The Canadian stock market has trended higher and remained strong over the past one and a half years for various reasons, including economic expansion, recovery in corporate earnings, and lower interest rates, to name a few.
Thanks to the strong buying in Canadian equities, most stocks are trading at a higher valuation multiple. However, few stocks are offering good value and are trading at heavy discounts compared to their peaks.
Here are the three best Canadian stocks that I’d recommend long-term investors to buy now.
Air Canada
The pandemic-related uncertainty and new variant of the virus continue to take a toll on Air Canada (TSX:AC) stock. Despite witnessing sequential improvement in capacity and bookings, Air Canada stock is trading at about a 55% discount from the pre-pandemic levels. Long-term investors could consider buying Air Canada stock at the current price levels as the company’s financial and operating performance is likely to improve in the coming quarters.

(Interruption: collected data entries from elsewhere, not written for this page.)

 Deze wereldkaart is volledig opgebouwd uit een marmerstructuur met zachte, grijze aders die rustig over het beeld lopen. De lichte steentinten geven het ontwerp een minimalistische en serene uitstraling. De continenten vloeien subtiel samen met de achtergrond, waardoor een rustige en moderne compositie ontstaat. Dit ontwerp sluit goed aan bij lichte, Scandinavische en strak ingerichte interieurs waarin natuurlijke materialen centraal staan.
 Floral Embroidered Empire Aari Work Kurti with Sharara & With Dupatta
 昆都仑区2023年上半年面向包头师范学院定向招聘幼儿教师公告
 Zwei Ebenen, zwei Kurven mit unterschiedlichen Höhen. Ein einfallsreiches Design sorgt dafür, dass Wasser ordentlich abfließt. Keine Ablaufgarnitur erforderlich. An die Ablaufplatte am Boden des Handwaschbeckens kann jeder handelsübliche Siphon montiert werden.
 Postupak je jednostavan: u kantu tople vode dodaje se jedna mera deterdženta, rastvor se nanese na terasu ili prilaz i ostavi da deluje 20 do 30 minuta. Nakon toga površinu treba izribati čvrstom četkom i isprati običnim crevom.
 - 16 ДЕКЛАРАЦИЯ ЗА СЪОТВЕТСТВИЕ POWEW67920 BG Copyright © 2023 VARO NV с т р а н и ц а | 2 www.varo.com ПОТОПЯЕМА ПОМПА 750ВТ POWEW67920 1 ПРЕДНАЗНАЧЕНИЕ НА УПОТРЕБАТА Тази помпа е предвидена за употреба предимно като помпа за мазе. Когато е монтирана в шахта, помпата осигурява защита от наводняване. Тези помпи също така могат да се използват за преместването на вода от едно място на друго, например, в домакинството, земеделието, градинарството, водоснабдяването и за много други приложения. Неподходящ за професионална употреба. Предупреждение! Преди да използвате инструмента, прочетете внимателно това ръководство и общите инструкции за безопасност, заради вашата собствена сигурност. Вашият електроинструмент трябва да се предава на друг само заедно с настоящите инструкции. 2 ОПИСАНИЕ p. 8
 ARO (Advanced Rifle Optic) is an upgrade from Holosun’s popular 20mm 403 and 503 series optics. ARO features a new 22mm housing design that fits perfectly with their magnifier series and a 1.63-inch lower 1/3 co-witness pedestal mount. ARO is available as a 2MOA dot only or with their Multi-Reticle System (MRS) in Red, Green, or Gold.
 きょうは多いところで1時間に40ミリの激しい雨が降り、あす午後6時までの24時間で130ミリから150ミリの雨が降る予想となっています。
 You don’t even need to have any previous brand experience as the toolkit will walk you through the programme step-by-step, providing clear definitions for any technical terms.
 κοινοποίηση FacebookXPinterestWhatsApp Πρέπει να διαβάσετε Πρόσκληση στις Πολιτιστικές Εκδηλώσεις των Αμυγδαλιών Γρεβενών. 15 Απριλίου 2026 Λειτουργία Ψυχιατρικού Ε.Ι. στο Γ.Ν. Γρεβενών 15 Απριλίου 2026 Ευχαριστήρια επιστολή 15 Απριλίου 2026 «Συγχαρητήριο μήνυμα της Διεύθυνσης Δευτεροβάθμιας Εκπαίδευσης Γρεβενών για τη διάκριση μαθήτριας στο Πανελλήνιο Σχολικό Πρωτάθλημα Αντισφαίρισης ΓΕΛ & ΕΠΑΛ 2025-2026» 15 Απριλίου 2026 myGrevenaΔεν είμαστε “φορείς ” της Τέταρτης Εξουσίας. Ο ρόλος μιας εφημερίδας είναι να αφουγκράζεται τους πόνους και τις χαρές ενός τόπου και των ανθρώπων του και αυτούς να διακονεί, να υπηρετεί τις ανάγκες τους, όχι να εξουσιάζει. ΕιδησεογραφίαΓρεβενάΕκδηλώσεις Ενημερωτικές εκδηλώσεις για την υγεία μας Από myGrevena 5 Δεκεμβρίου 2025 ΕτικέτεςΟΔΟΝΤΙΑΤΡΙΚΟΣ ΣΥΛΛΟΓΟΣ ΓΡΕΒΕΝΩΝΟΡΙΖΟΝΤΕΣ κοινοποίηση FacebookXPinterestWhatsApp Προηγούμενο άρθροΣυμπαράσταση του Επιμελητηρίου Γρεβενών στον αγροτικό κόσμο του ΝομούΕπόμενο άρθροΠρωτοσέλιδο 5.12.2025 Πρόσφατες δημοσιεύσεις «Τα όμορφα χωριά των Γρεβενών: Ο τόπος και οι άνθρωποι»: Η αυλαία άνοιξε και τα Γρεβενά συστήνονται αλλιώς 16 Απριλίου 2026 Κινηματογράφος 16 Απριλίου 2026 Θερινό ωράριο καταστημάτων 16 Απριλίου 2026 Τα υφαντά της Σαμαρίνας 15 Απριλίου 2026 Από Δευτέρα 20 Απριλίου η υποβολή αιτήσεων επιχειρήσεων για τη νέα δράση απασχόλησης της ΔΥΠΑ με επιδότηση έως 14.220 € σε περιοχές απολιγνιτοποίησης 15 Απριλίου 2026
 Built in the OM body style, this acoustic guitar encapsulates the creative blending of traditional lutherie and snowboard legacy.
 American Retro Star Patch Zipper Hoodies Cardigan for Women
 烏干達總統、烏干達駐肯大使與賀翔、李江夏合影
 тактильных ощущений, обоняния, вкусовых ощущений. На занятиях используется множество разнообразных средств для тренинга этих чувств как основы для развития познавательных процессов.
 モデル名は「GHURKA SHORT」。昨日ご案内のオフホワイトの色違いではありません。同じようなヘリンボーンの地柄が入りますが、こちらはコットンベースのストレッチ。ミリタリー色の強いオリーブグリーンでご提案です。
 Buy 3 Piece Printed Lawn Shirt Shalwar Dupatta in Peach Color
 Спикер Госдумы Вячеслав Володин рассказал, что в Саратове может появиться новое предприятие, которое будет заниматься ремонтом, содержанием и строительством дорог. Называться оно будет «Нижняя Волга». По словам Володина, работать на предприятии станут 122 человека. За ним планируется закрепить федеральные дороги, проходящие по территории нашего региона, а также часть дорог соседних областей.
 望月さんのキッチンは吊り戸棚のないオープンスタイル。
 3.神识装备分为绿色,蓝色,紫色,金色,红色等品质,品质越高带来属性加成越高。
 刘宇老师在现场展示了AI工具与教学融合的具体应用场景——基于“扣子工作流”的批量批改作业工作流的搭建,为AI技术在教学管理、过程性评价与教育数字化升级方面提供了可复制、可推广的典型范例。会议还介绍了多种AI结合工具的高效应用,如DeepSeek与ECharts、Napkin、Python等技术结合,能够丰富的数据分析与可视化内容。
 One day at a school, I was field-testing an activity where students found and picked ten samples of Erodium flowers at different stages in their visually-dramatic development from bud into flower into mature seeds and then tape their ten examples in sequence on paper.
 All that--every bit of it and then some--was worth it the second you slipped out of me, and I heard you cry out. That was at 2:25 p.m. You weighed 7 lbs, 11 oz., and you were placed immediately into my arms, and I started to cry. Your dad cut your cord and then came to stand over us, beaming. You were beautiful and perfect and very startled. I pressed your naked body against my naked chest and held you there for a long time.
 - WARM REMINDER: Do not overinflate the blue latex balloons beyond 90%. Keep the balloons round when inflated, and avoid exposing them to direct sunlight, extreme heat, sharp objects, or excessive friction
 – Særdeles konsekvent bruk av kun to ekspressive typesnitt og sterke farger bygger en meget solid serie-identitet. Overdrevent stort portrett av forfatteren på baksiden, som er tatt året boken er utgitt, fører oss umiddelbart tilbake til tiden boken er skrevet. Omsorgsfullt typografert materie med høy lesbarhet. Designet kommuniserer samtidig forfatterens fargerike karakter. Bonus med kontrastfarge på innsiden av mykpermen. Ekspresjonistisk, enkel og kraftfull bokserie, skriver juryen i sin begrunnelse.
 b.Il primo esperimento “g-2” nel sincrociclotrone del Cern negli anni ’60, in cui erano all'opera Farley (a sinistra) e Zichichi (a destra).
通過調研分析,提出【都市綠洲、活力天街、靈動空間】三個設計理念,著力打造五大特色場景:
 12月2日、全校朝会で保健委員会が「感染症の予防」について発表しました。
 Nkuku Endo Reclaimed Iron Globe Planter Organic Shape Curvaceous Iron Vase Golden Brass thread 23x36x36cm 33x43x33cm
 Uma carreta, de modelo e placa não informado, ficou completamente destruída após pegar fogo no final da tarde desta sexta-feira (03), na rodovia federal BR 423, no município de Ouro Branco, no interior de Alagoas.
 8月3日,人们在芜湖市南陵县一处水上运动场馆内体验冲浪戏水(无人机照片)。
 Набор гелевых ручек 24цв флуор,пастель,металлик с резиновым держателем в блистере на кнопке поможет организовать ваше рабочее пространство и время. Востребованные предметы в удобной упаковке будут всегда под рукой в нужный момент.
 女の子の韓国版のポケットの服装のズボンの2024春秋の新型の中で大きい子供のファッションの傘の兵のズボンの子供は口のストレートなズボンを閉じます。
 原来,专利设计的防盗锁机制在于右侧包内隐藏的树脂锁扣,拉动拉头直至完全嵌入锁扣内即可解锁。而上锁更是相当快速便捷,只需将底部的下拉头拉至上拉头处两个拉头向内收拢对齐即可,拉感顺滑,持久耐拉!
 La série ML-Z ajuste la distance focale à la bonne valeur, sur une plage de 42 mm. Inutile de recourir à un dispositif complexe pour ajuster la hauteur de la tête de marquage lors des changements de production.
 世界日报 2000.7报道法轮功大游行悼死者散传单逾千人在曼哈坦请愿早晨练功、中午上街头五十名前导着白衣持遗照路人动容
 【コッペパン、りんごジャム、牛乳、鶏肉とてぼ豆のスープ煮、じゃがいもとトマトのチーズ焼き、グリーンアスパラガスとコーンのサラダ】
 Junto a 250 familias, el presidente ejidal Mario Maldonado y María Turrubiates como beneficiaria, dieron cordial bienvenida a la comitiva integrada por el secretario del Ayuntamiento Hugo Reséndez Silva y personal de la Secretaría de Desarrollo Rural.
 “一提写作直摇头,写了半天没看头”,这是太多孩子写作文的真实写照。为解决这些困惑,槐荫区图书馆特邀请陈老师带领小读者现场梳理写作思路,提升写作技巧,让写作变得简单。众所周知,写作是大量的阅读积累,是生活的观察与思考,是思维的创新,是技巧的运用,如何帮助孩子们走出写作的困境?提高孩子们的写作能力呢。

Though the corporate demand and overall booking rates are well below the pre-COVID levels, it is improving gradually on the back of vaccination and easing travel measures. I expect Air Canada’s revenues to improve while its net cash burn will likely go down. Further, I remain upbeat over its revenue diversification initiatives. Overall, Air Canada stock is trading at a heavy discount, and I expect to deliver stellar returns as its operations return to normal in the medium to long-term.
Suncor Energy
Similar to Air Canada, the COVID-19 pandemic weighed heavily on the financials of Suncor Energy (TSX:SU)(NYSE:SU). As the pandemic wiped out demand, Suncor lost billions in market cap. Though the crude oil and other commodity prices have bounced back sharply, Suncor stock is still trading at a massive discount of about 49% from the pre-COVID price levels and appears to be a solid long-term bet.
While I admit that the uncertainty related to the virus could continue to play spoilsport for Suncor stock in the near term, I expect it to handily outperform the broader markets in the long run. Its improved mix, integrated assets, higher average realized prices, and lower breakeven costs will likely give a major boost to its earnings, in turn, its stock price. Further, strategic capital allocation and reduction of debt augur well for growth. You could also benefit from Suncor’s regular dividend payments and share buybacks.
Cineplex
The strict stay-at-home mandates and closures of its operations to curb the spread of the virus led to a massive decline in Cineplex’s (TSX:CGX) revenues and profitability, in turn, its stock. While the ongoing vaccination and reopening of its operations have driven a partial recovery in its price, it is still available at a 60% discount from the pre-COVID levels.
I expect the normalization of its operations, recovery in demand, and strong movie slate to significantly boost its financials and stock price. Its traffic, revenues, and cash burn rate are likely to improve on a sequential basis. Further, its strategic initiatives, including movie subscription programs and cost-savings measures, will likely support its growth.
Bottom line
While these stocks are trading at a significant discount, investors should proceed with caution and only invest for the long term as these stocks could remain volatile in the near term.